After medical insurance reimbursement, the affordability of essential anticancer medicines for children was improved. For lowest-priced generics, the number of affordable medicines increased to 30, and the number of medicines with very poor affordability decreased to 2. For original brands, the number of affordable medicines increased to 8, and the number of poorly affordable medicines decreased to 2 (Supplementary Table 6).
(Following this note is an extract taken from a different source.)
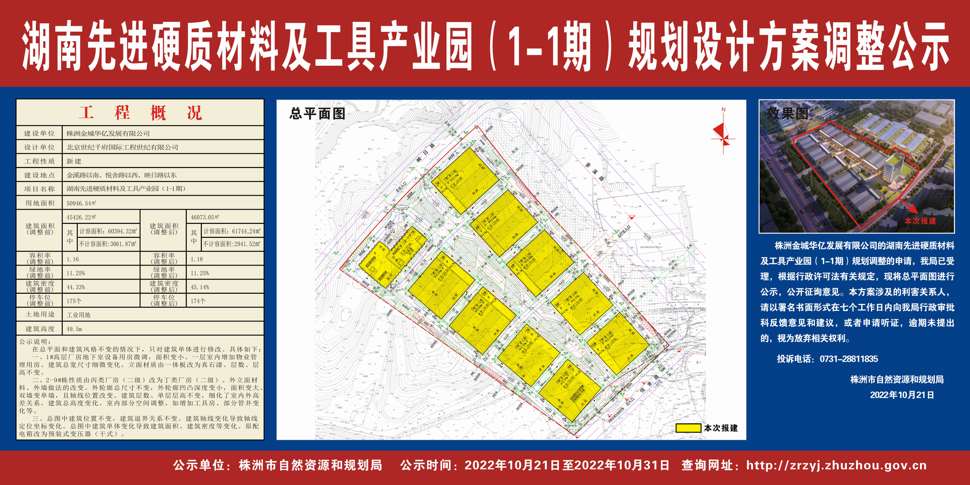株洲金城华亿发展有限公司(湖南先进硬质材料及工具产业园(1-1期)规划设计方案调整公示)1

Before the medical insurance reimbursement, the lowest-priced generics and original brands with the worst affordability were pegaspargase (injection, 3,750 IU/ 5 ml) and imatinib (tablet, 100 mg), and the 30-day medicine expenses were about 106.1 and 575.6% of the monthly household income of residents. But the medicine expenses dropped to 42.5 and 299.3% of the monthly household income after medical insurance reimbursement.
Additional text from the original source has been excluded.